Regulation of the G protein βγ subunits through the covalent modification of Gβ

Abstract

The βγ‐subunits of G protein (Gβγ) dissociate from the a‐subunit (Ga) upon activation of G protein‐coupled receptors. Once free, Gβγ is able to regulate many target proteins, including phospholipase Cβ2 (PLCβ2), phosphoinositide 3‐kinase γ (PI3Kγ) and G protein‐coupled receptor kinase 2 (GRK2). Because overactivation of Gβγ signaling has been implicated in the pathophysiology of several diseases, inhibitors of Gβγ might be very valuable from a pharmacological point of view. Our group has used a combination of virtual and manual screening to find small molecules that bind to a protein‐protein interaction "hot spot" on the β subunit.
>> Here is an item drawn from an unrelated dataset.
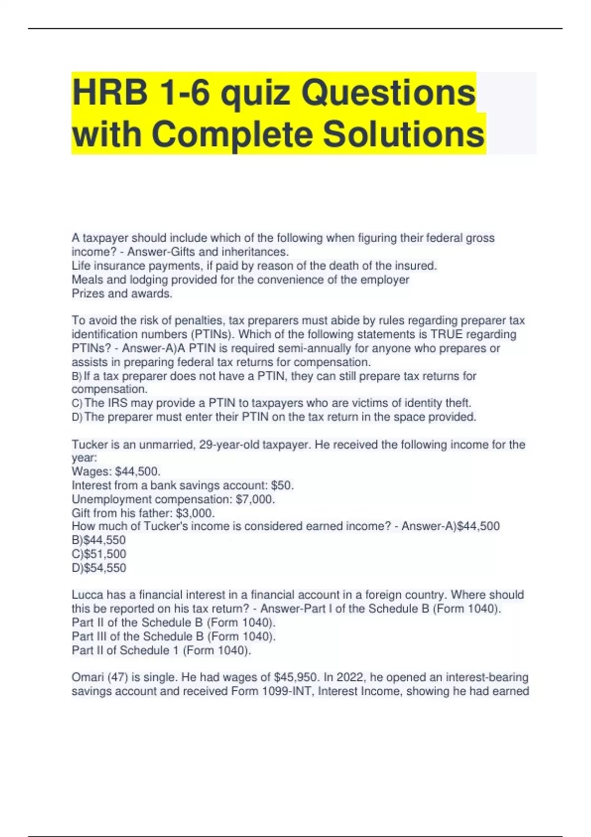HRB-27 Final Exam Review Questions and Answers 2 Exam (elaborations) HRB Test Questions with Correct Answers 3 Exam (elaborations) HRB Midterm Exam Questions with Correct Answers 4 Exam (elaborations) HRB FINAL EXAM QUESTIONS AND ANSWERS ALL CORRECT 5 Exam (elaborations) HRB Chapter 9 Test Questions with Correct Answers 6 Exam (elaborations) H
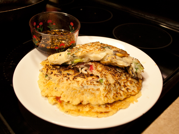 I tried one of these at a fantastic Korean restaurant in Toronto and immediately fell in love. This recipe is a mangling of two recipes, one from Maangchi (my usual go-to for all Korean recipes and quite possibly the most comprehensive recipe/how-to site in the universe) and the Kitchn, but I basically just used their sauce recipe. I’m not going to pretend that this is at all authentic. I’m Chinese and struggle to make authentic Chinese food as it is. This is just my version of the dish with what I had in my house.

These compounds inhibit the binding of a phage displaying the SIGKAFKILGYPDYD peptide (SIGK) to Gβγ in an enzyme‐linked immunosorbent assay (ELISA) at concentrations in the nM to µM range. Recently, we discovered that some of the small molecules, like cystamine and selenocystamine, disrupt Gβγ function by a redox mechanism. Their effect can be reversed by the addition of dithiothreitol (DTT). Mass spectrometry indicates that selenocystamine forms a selenylsulfide bridge at preferentially one position, and mutagenesis studies suggest that both cystamine and selenocystamine act on cysteine 204 of the βsubunit. This is the first evidence that protein‐protein interactions with Gβγ can be regulated in a reversible redox manner.This work was supported by NIH grant GM60286‐08.